CONCEPT Cited by 1 source
Warm pool instances¶
Warm pool instances are compute instances that a serverless substrate keeps alive between jobs instead of deprovisioning them immediately after a job finishes. When a new job lands, it reuses a warm instance from the pool, skipping the provisioning + boot + image pull stages of a cold start.
Warm pools are the explicit knob a serverless substrate exposes when cold-start is too expensive for a latency-sensitive workload but the platform's default behaviour is on-demand provisioning.
The trade-off¶
- Pure on-demand — no idle cost, but cold-start tax on every job.
- Warm pool — pays to keep instances alive for some retention window, then deprovisions on inactivity. Cold-start → zero while the pool is warm.
The knob is pool size and retention TTL. Larger / longer → lower cold-start probability, higher idle cost. Smaller / shorter → higher cold-start probability, lower idle cost. Tune to workload shape.
When warm pools are the right answer¶
Warm pools are the stopgap when cold-start is too expensive and other techniques fall short:
- Lazy image loading (SOCI) helps cold-start by shrinking the first-pull tax, but can't help workloads whose startup cost is dominated by runtime init (JVM warmup, Python import, model load into memory), not image fetch.
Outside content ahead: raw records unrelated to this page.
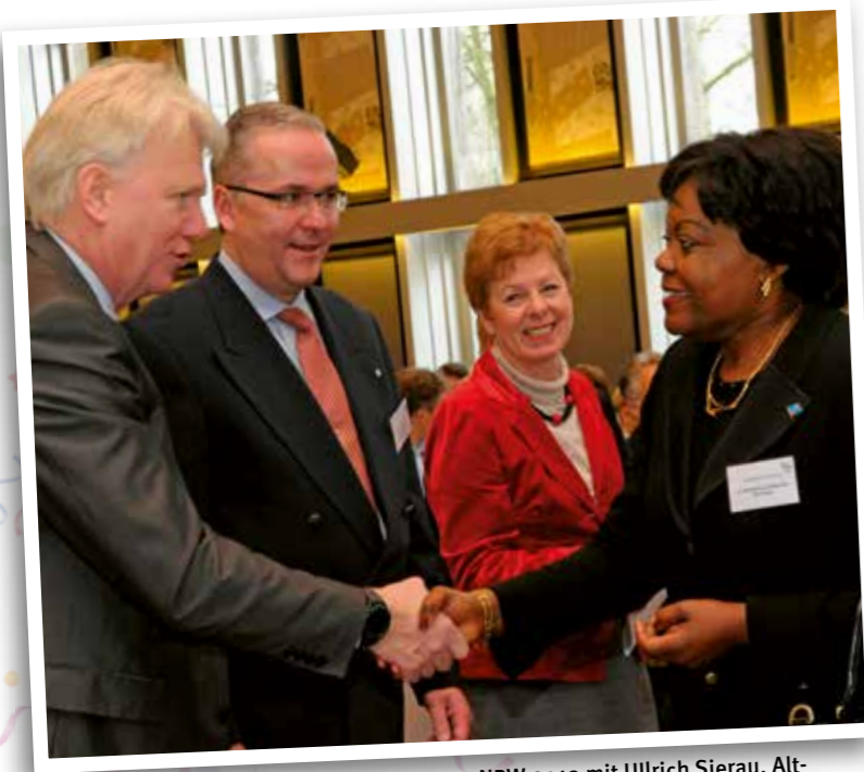
Deutsch-Afrikanisches Wirtschaftsforum NRW 2012 mit Ullrich Sierau, Alt-OB Stadt Dortmund, I.E. Clementine Shakembo Kamanga, Botschafterin der Demokratischen Republik Kongo, Dr. Angelica Schwall-Düren, Ministerin für Bundesangelegenheiten, Europa und Medien des Landes Nordrhein-Westfalen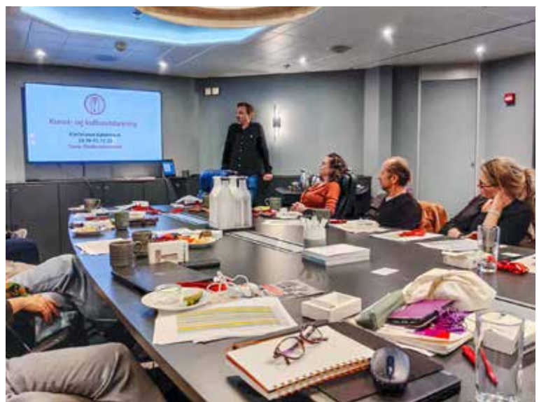
Det blev faglig påfyld både på tur og retur. Her fra torsdagens konferanserom på DFDS.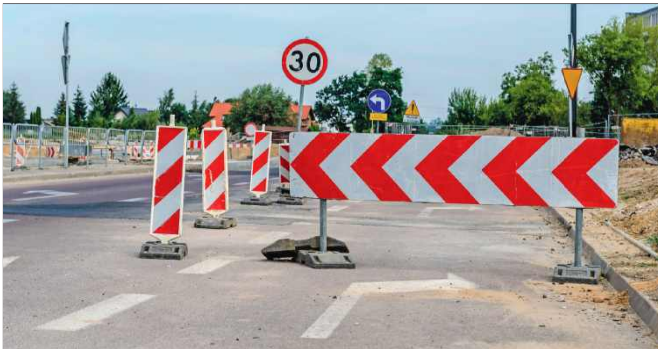
Mieszkańcy Krzątki i okolic są zaniepokojeni brakiem postępu prac na remoncie drogi wojewódzkiej nr 872. Co na to PZDW?

Zaniepokojeni mieszkańcy Krzątki od kilku miesięcy borykają się z wieloma trudnościami, związanymi ze wstrzymaniem prac remontowych na odcinku drogi wojewódzkiej nr 872. Jak podkreślają, choć w październiku 2024 roku ruszyły roboty przygotowawcze, od tego czasu nie widać żadnych postępów. Wstrzymanie robót na długie miesiące wzbudza wśród lokalnej społeczności frustrację, a także rodzi pytania o przyszłość remontu, który ma poprawić bezpieczeństwo i komfort podróży.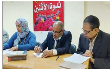
● عيد في قصر الأنفوشي

لمحتفي قصر ثقافة الأنفوشي في مدينة الإسكندرية المصرية بالأديب العراقي علي لفنة سعيد بمناسبة فور روايته «حبي عتيق» جائزة توفيق بكر للرواية العربية التي أقيمت في تونس وعلنت نتاجها قبل أكثر من شهر. على سعيد متصل نظم اتحاد الأدباء في الاسكندرية ندوة أخرى أدارها الأديب شرف الخضري، خصصت لرواية «علق عتيق»، وقدمت فيها أوراق نقدية ومداخلات، شارك فيها الحضور، في حين ضيفت صالون سائلتها ودار القواف سعيد للحدث عن روايته «مزامير المدينة» وبعدها من الروايات التي استحدث أن تترجم الى عدة لغات.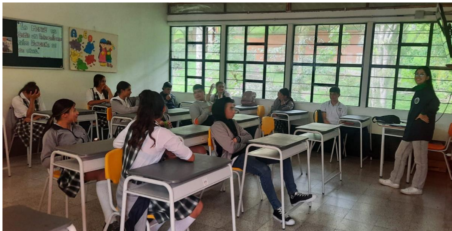
Encuentro Bachillerato Campesino, décimo grado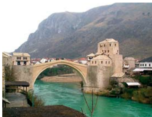
17. Az újjáépített híd látképe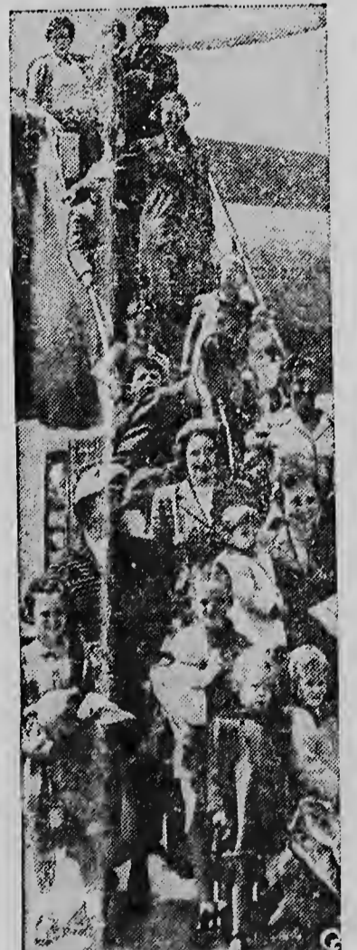
DE UITTOCHT van Britse vrouwen en kinderen uit Cairo is begonnen. Elk vliegtuig met het Midde-Oosten brengt een grote stroom van Britse „vluchtelingen“. Intussen is de Regering van Naguib weer versterkt door de pro-Egyptische uitlatingen van Foster Dulles.

LAS VEGAS. - De elfde en laatste atoomontploffing van de serie van voorjaarsproefnemingen is vanmorgen kort voor het aanbreeken van de dag geschied. Een romantische Reuter-reporter seint dat de paddestofdovormige stofwolk prachtig afstak tegen het doorbrekende daglicht.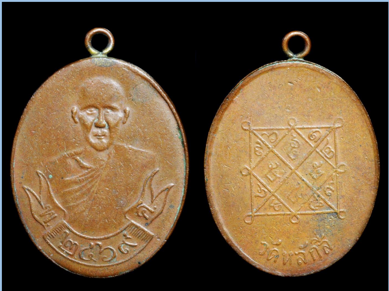
เหรียญหลวงปู่ขาว วัดหลักสี่ รุ่นแรก ปี 2469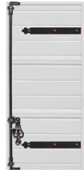
BAÏKAL Pentures, contre-pentures, lames horizontales Blanc RAL 9010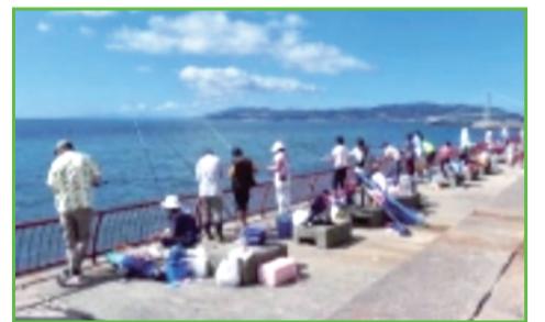
⑮-① 海釣り広場イメージ (神戸市立平磯海づり公園)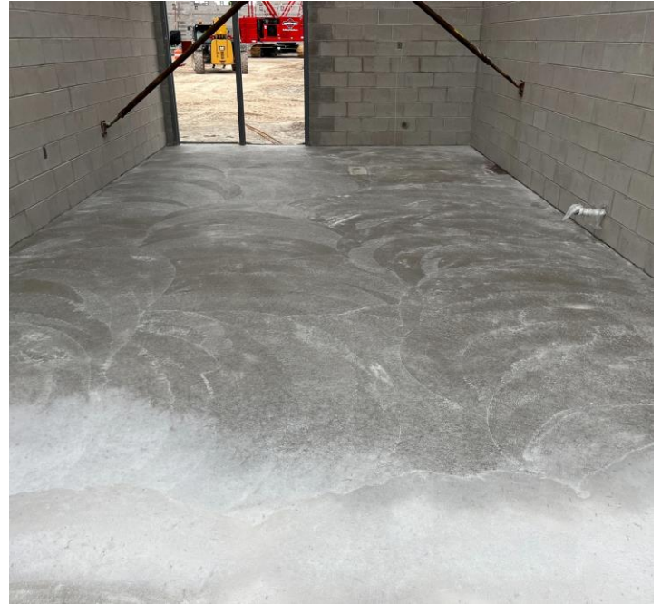
Vertida del concreto en los huecos de las escaleras.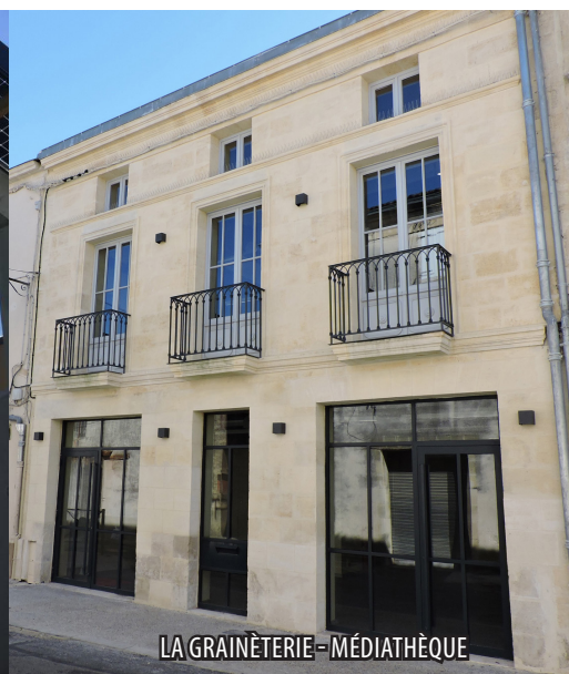
LA GRAINÈTERIE - MÉDIATHÈQUE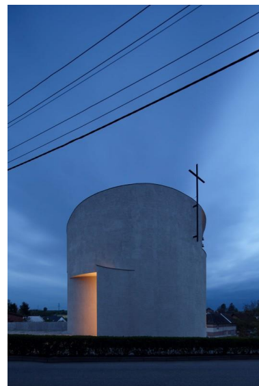
Kostel sv. Václava v Sazovicích

„Jsem architekt a hmota a její dotek je pro mne prostředkem tvoření a zkoumání. Dotekem se hmoty uvádějí v pohyb, mění se jejich energie, jsou na začátku chemické reakce. Dotek každé dvojice je známkou napětí. Nejznámějším dotekem v umění je Michelangelovo stvoření Adama, kdy ukazováčky obou postav – Boha Otce a Adama – jsou v poloze přesně před setkáním. Velmi intenzivní přicházející krátký okamžik, ve kterém Adam dostane život.“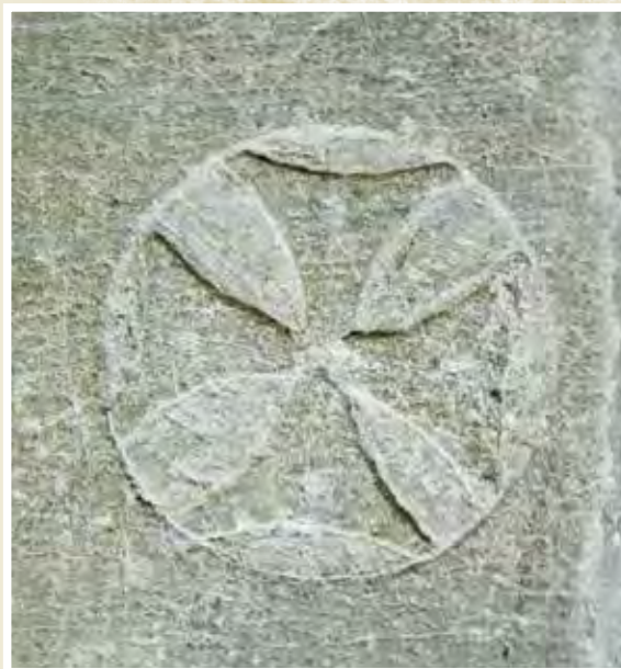
Sin permitir que se extravíen de los Caminos Reales...

“Mando a todos los Tribunales y Justicias de estos mis reynos, que conforme a las leyes precedentes en cuanto a Peregrinos, examinen sus papeles, estado, naturaleza, y tiempo que necesitan para ir y volver; el qual desde la frontera se señalará en el pasaporte, que deberá presentar a cada una de las Justicias de tránsito, anotándose a continuación de él por ante Escribano el día en que llegan y deben salir del respectivo pueblo, sin permitir se extravíen de los Caminos Reales y rutas conocidas, en la forma que se dispone en las citadas leyes; y procedan a imponer a los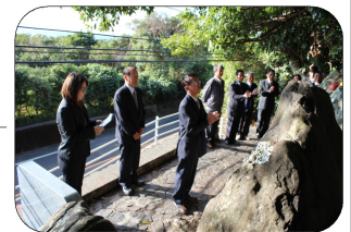
代表者により祈願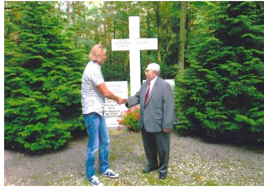
Gedenkkreuz in Slesin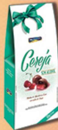
Cód: 2063 Bombom Cereja Picada sem álcool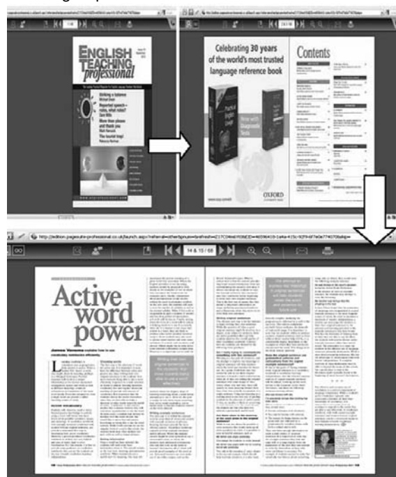
Рис. 1. Почерговість знаходження необхідної сторінки в методичному електронному журналі English Teaching Professional у форматі виключно для читання в режимі он-лайн.

Task. Type the address in http://edition.pagesuite-professional.co.uk/ in the address line and look through the journal. Write down the headings of 5 articles which might be useful in teaching English at a higher educational establishment. Discuss your suppositions in group.

- Image-size optimisation has diminishing returns past a point.
- Warm pools skip everything by not tearing down the instance at all.
Lyft / LyftLearn 2.0 instance¶
Lyft's LyftLearn 2.0 migration onto SageMaker observed that SOCI (for SageMaker training / batch jobs) "wasn't available" at migration time, so for the most latency-sensitive workloads — models that retrain every 15 minutes — they adopted SageMaker warm pools to keep instances alive between retraining runs. Outcome: Kubernetes-like startup latency on a fully serverless substrate, without paying for pre-warming a whole idle cluster as they had in LyftLearn 1.0 (Source: sources/2025-11-18-lyft-lyftlearn-evolution-rethinking-ml-platform-architecture).
Related pattern¶
patterns/warm-pool-zero-create-path — the generalised shape
(pre-create-and-queue instances; serve create by dequeueing),
originally documented from Fly.io Sprites. Lyft's SageMaker warm
pool is the ML-platform instance of the same shape.
Seen in¶
- sources/2025-11-18-lyft-lyftlearn-evolution-rethinking-ml-platform-architecture — Lyft used SageMaker warm pools to cover the cold-start gap for 15-minute-retrain models.